4.0 Metric for recommending business opportunities

The first part of our metric was to extract the 50 most popular venues, and evaluate their average rank within each postal code area. The results of this analysis is presented in the below data table.

Table: Top performing venues’ average rank per postal area (lower average rank = better)

As can be seen from the table, the most popular venues can be found within the postal code 89101, which significantly outperforms the rest of the postal code areas. Furthermore, we observe it has a high sample (13 venues) size compared to our dataset (of 50 venues), which indicates the average is not skewed by outliers.

In terms of venue popularity, we observe this postal area has a prevalence towards Pizza Place restaurants, of which there are 3 (out of 13). Although this is not a significant sample size, it may still indicate that Pizza Places within this postal code might be linked towards high popularity.

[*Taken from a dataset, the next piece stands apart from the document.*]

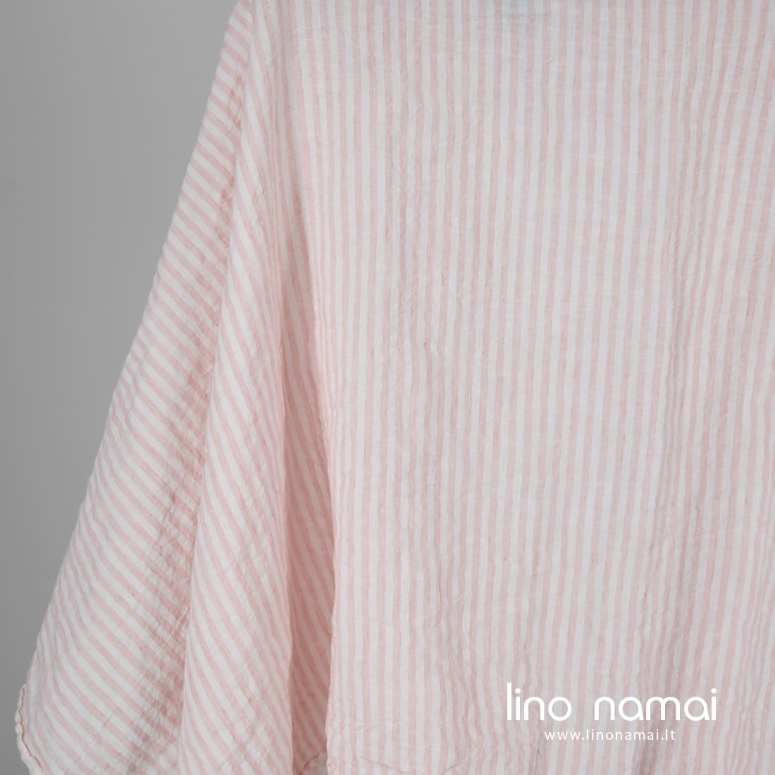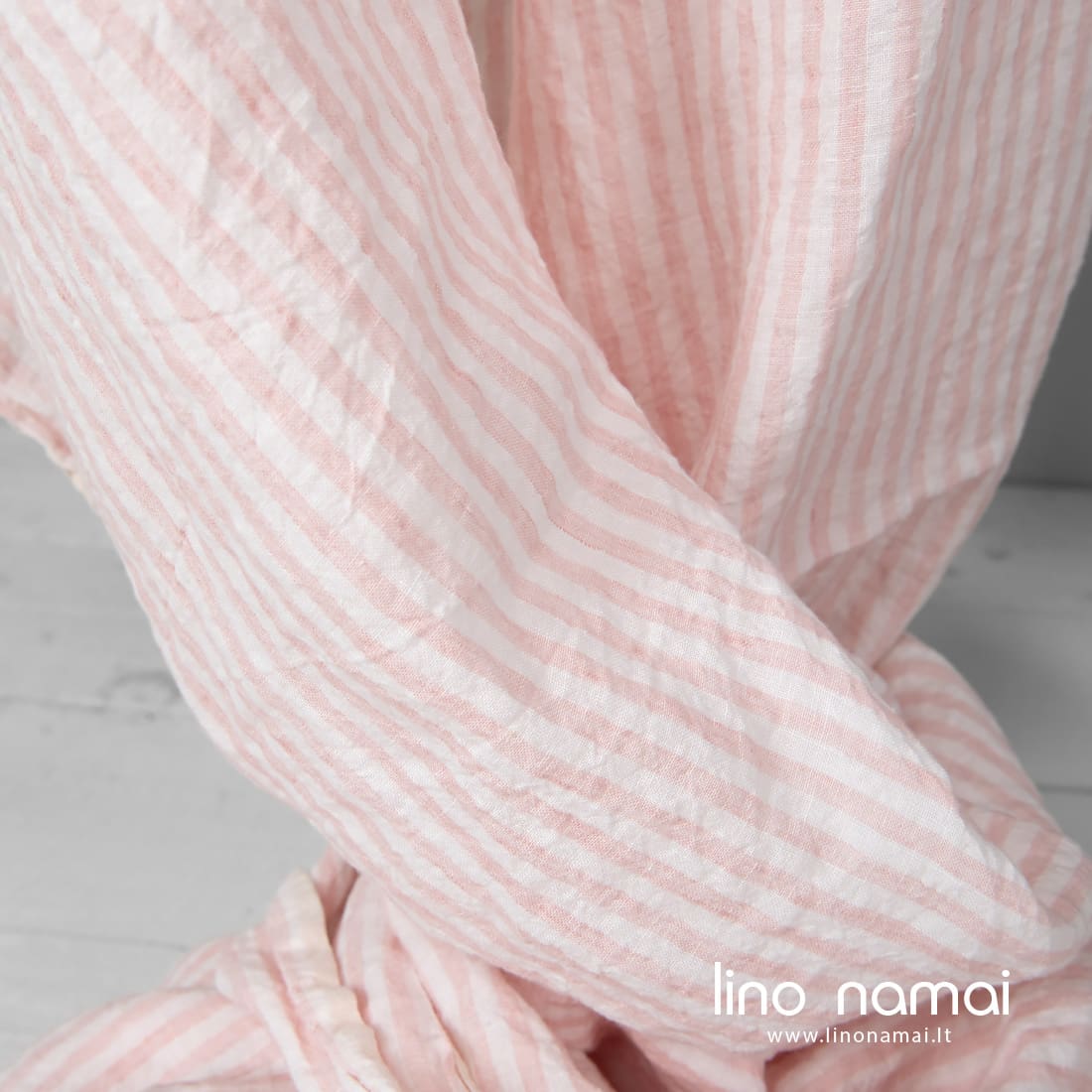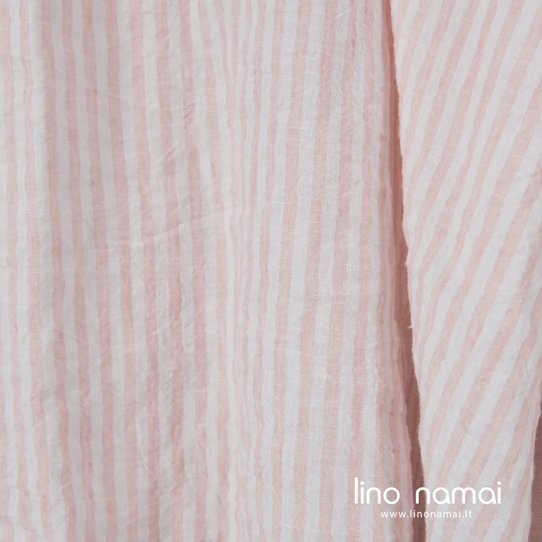 Lininis audinys vertikaliais siaurais šviesiai rožiniais dryžiais ryškiai baltame fone. Tvirtas, tankus, vidutinio storio linas buvo išskalbtas specialiu būdu, kad suminkštėtų, taptų švelnus, nebesitrauktų. Šį audinį, skirtą drabužiams ir namų tekstilei, siūlome 295cm pločio.
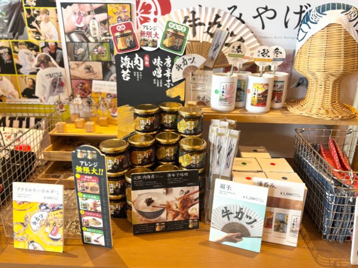 お土産やギフトコーナーも充実、お料理といただいた肉海苔は店頭でも購入可能なので、自宅で本格的なお店の味わいをお楽しみいただけます。湯呑みやお箸など和を感じる日本らしいデザインの日常使いできるアイテムも多数販売

Looking at the rest of the postal codes in the results, we can see that the average rank of 89102 is also quite high, and also has a significant number of venues within the dataset. In this postal code, there is a prevalence of Breakfast Spot, of which there are 3 venues (out of 18).

Given the remainder of the postal areas, we observe they neither match the popularity of the first two, nor do they have as many venues.

We can also illustrate this graphically as per below, where we display the average rank per Postal Area, and include the most prevalent restaurant venue per area.

Given the above, we further wanted to investigate the features of the restaurants in the most popular area — in this case postal code 89101.

Table: Results of Most Popular Postal Code 89101

As we can see from the above, all the venues have a very high mean rank: Of the entire dataset (ranked from 1 to 239), the venues above all have a mean rank of less than 10. In terms of popularity, these are the top 3.8% performing restaurants in Las Vegas.

We can further observe these have a mean price category that is relatively low; most of them within the range of 1–2.5 price ranges.

As far as the venue categories go, we observe we have quite a few different restaurant types in this area, making it hard to conclude strongly one way or another. However, few-to-none of these are niche types of venues, which might indicate a predilection towards more mainstream type of restaurant categories.

The above results strongly indicate which are the important features to select when establishing a new restaurant if it should be as popular as possible. We will elaborate on the interpretation of these results in the Discussion section.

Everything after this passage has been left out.